Third IE was originally based on the Spyglass code, so if any browser is 'the direct descendant' it would be IE. Go look at the 'about' box on IE, although the original Mosaic actually had more lines of CERN code than NCSA code which were never acknowledged.
Re:Ur browser??? (Score:2, Informative)
Anyway, and I'm really not well qualified to answer this, Ur was an ancient city-state from which a prominent ancestral of the Jewish-Christian-Islamic heritage (Abraham, if I'm not wrong).
This city, IIRC already found, was sumerian (I'm not sure about this), the folks who are said to be the inventors of the wheel, among other neat things.
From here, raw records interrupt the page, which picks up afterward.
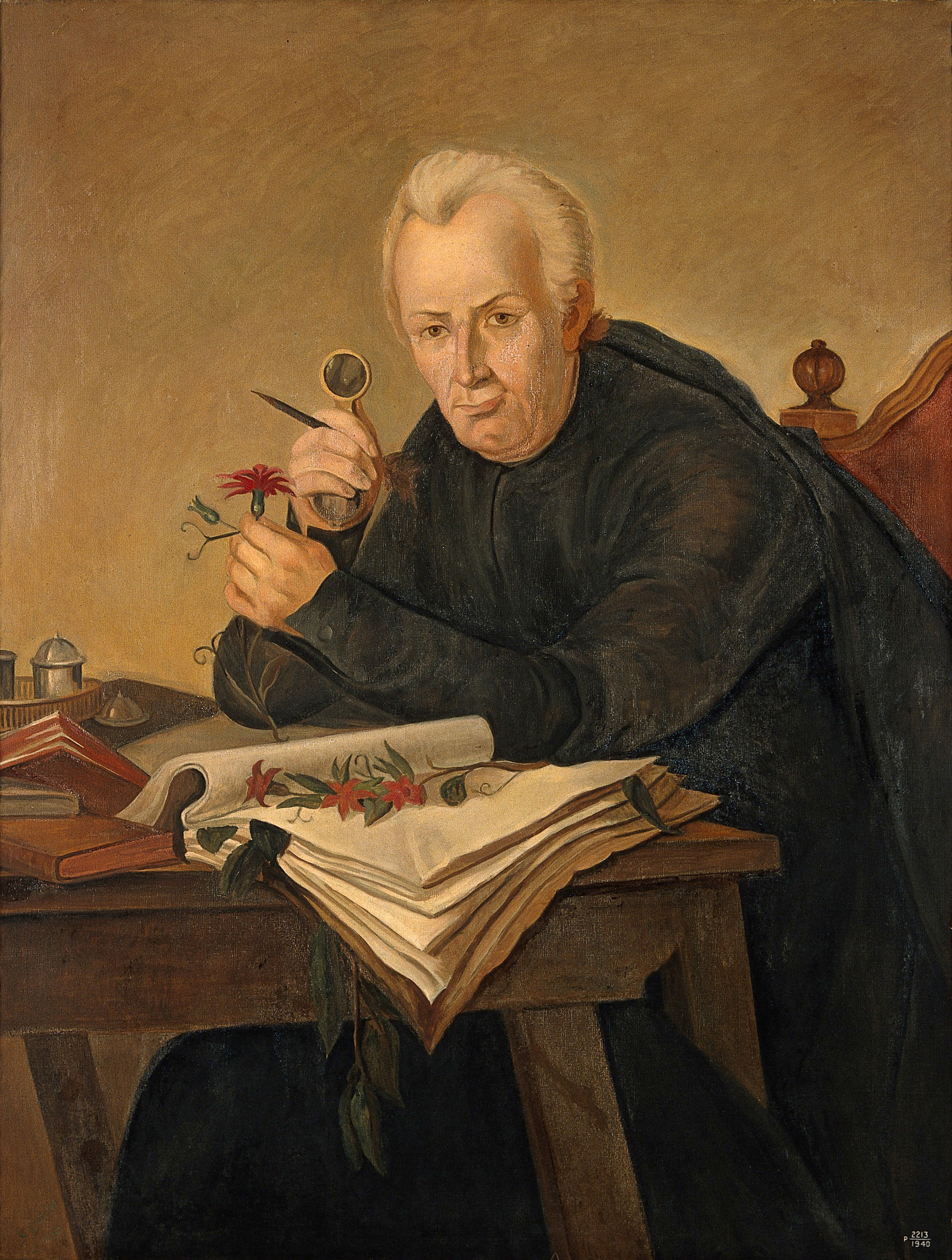 José Celestino Mutis, botanist of New Granada (Colombia), born in Cádiz, Spain, in 1732. (Wellcome Collection, 183 Euston Rd, London, UK)
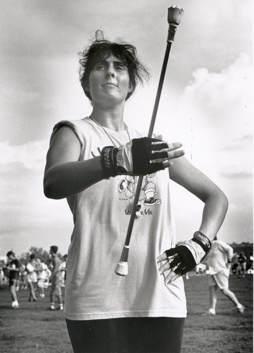 Dee Willems, first female drum major at UW-Madison. n: 1989. Madison, Wisconsin. Image ID# S06352. For more information about this image or UW-Madison campus history, .
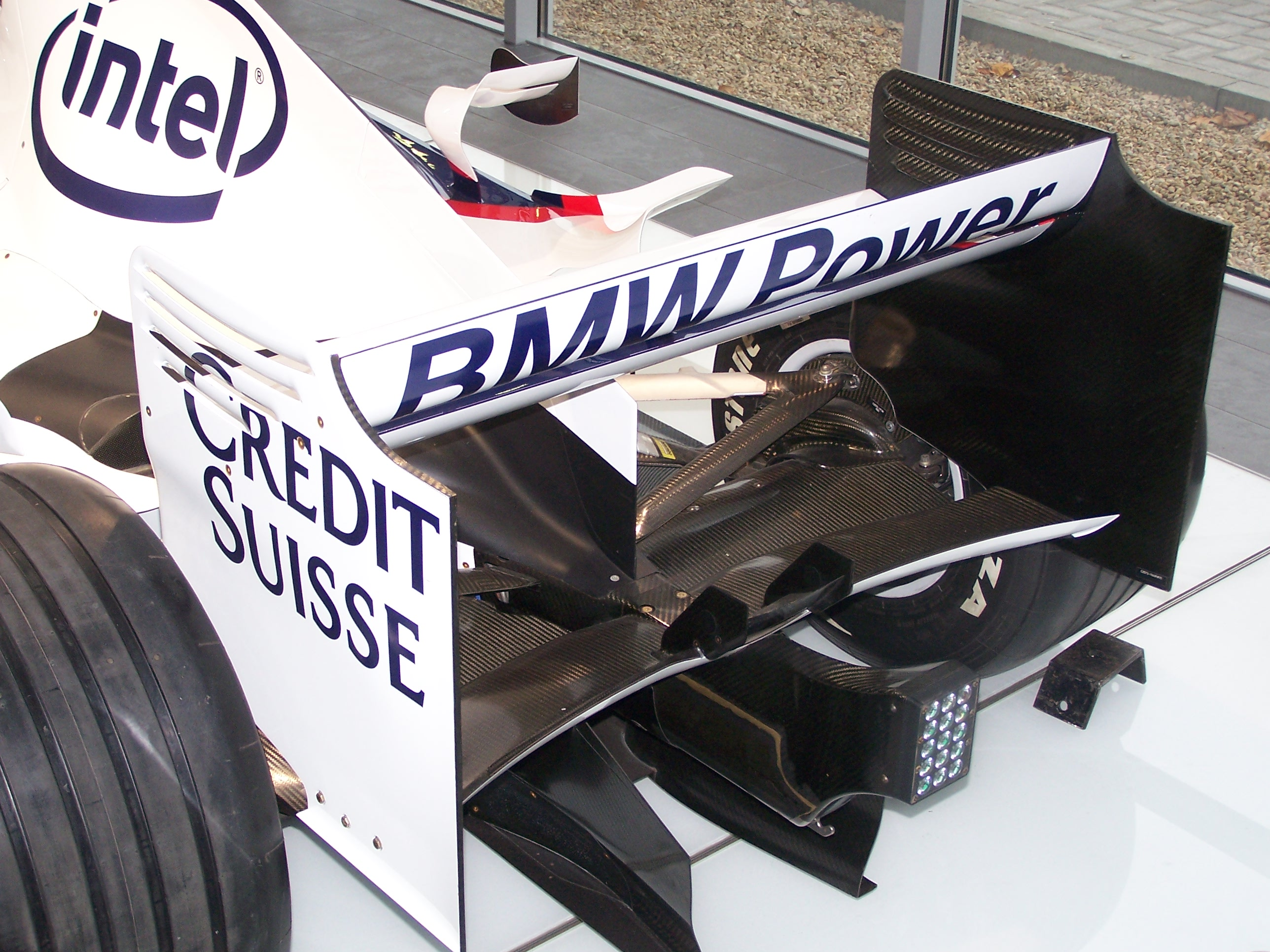 BMW Sauber F1.07 a Formula One single-seater racing car built by BMW Sauber for the 2007 Formula One season.
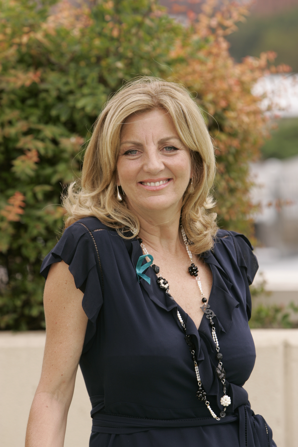 Jean Kittson publicity still for Ovarian Cancer Awareness Month 2010. Photo by Honeydew Photography Other information Photo to be credited to Honeydew Photography
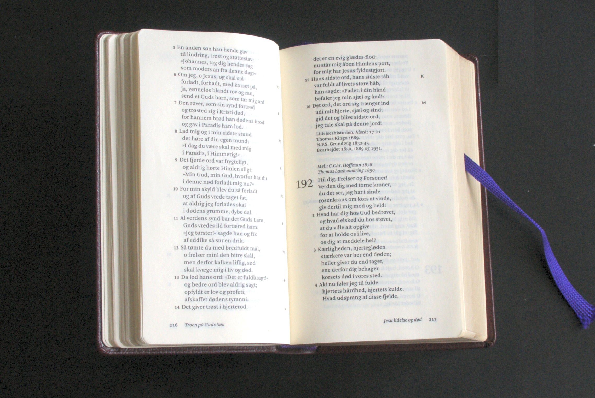 Hymnal of the Evangelical Lutheran Church in Denmark
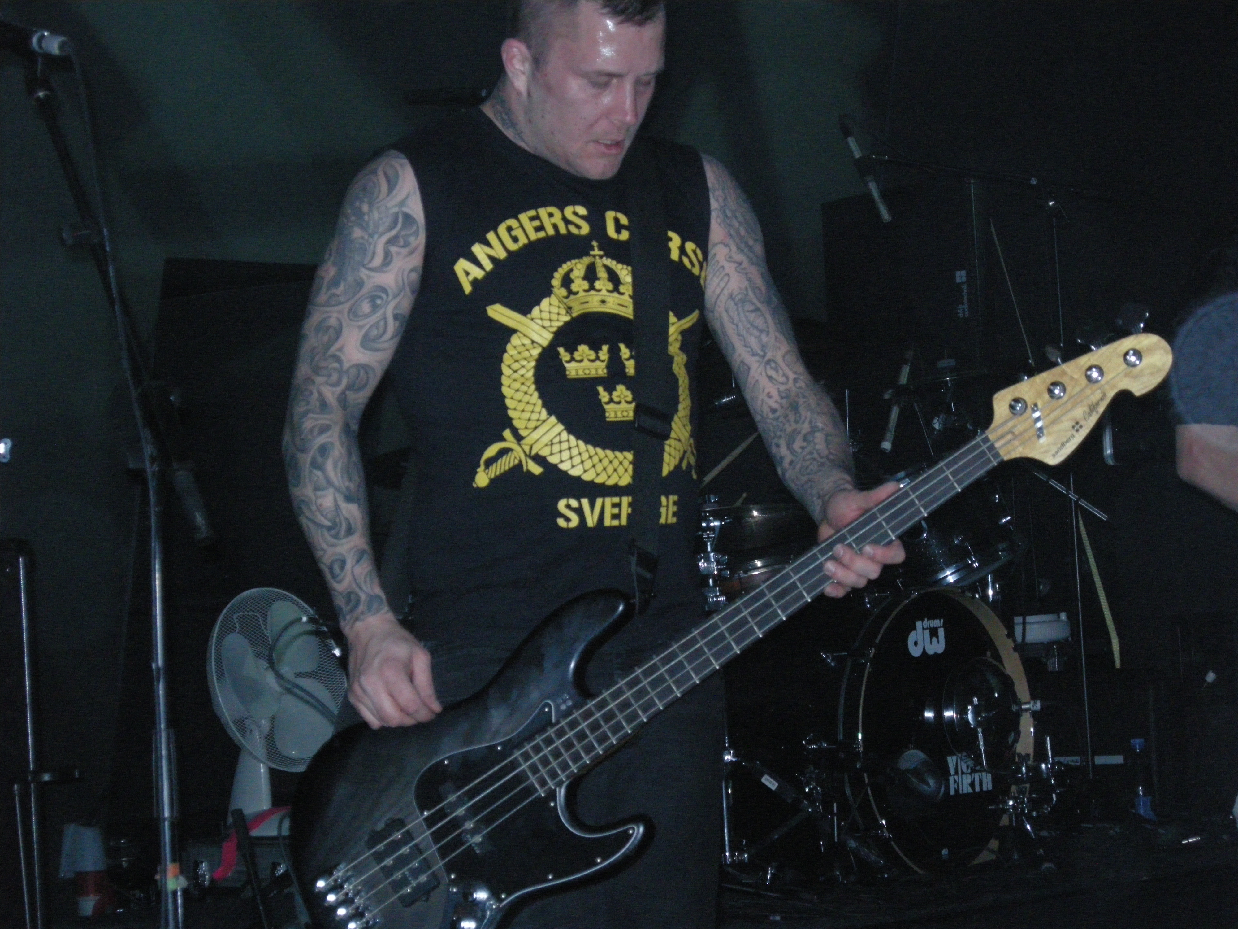 Andreas "Josse" Johansson, bass player of Swedish hardcore band Raised Fist at The Close-Up boat February 2011
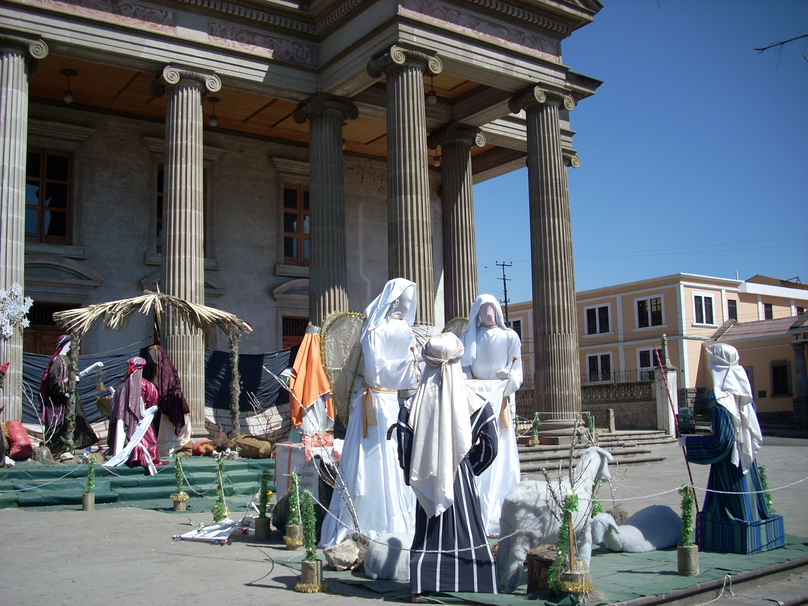 Nativity scene in front of the Municipal Theatre in Quetzaltenango, Guatemala. Christmas 2008.
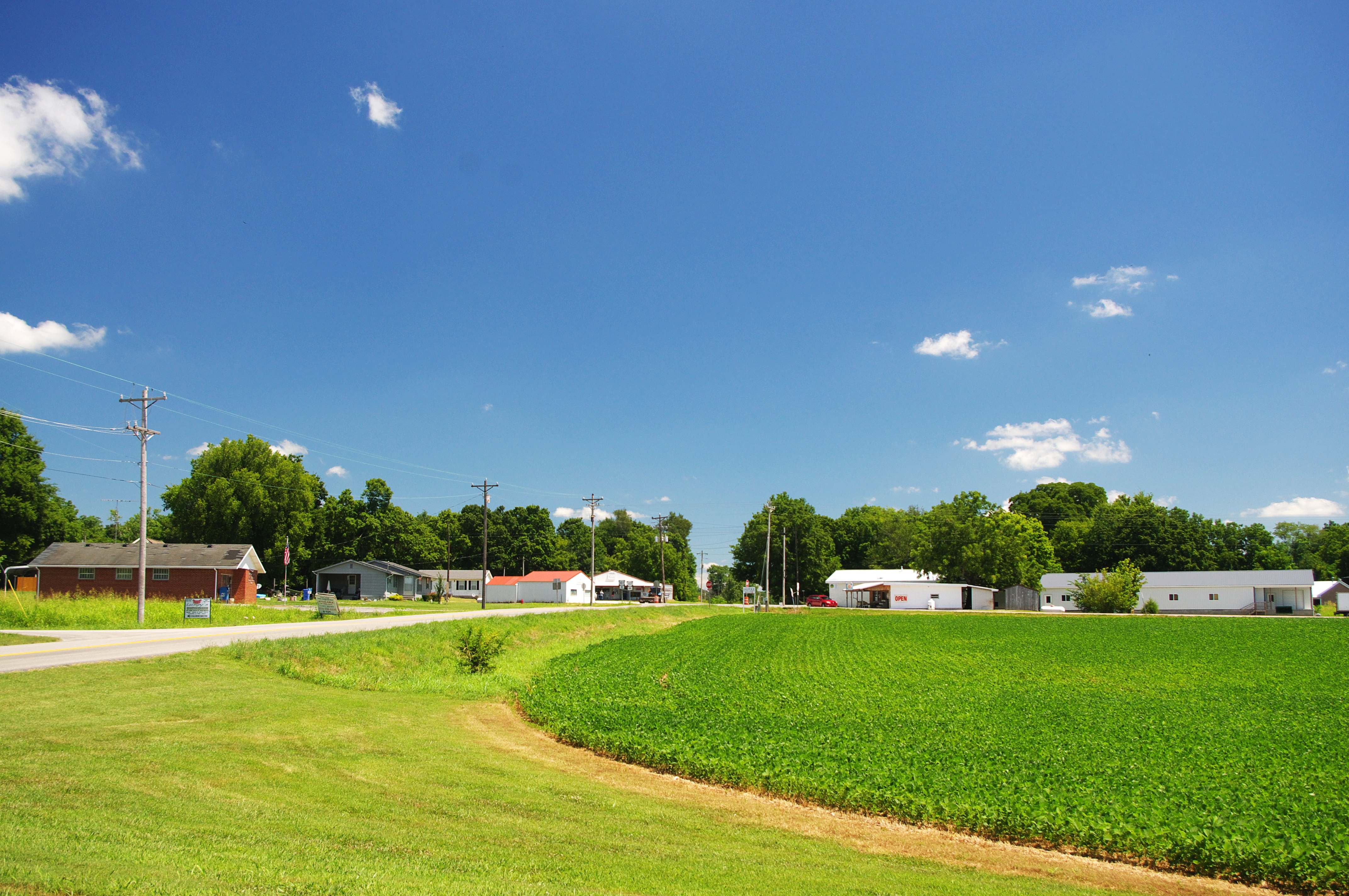 Buildings at the intersection of KY 107 and KY 117 in Herndon, Kentucky, United States.
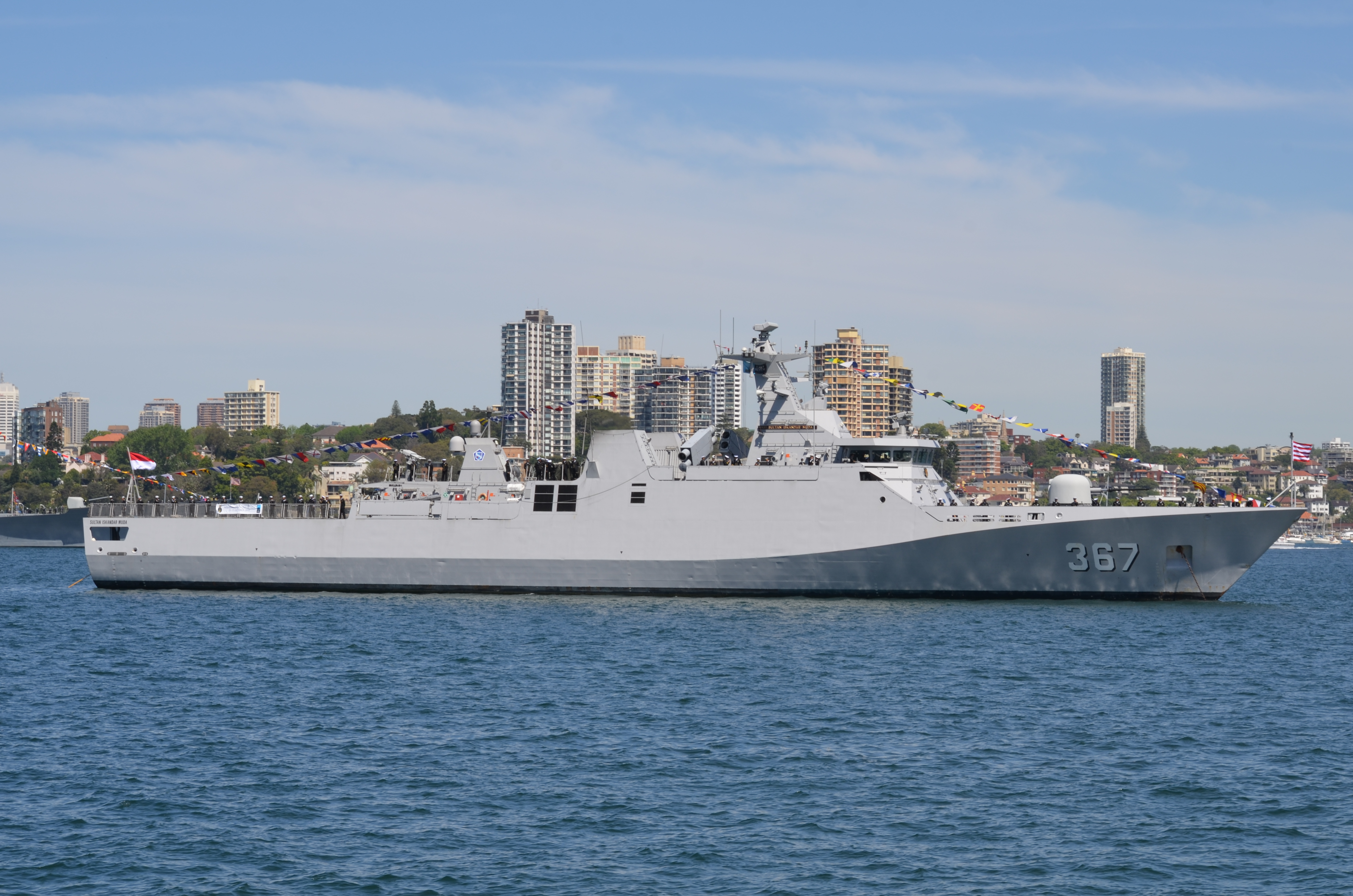 Photographs taken during day 3 of the Royal Australian Navy International Fleet Review 2013. Indonesian corvette Sultan Iskander Maru, moored in Sydney Harbour.

So an Ur browser would be the primeval browser, in other words.
Upon writing a note, one must be sure it will be understood; nonetheless, the "Ur" mention boosted the note level way up. All in all, I think it was great and I'm all for it.
But explanations as these sometimes become necessary.
Re:hmm (Score:2)
My name is ingo Molnar.
You kill -15 my parent process - Prepare to die.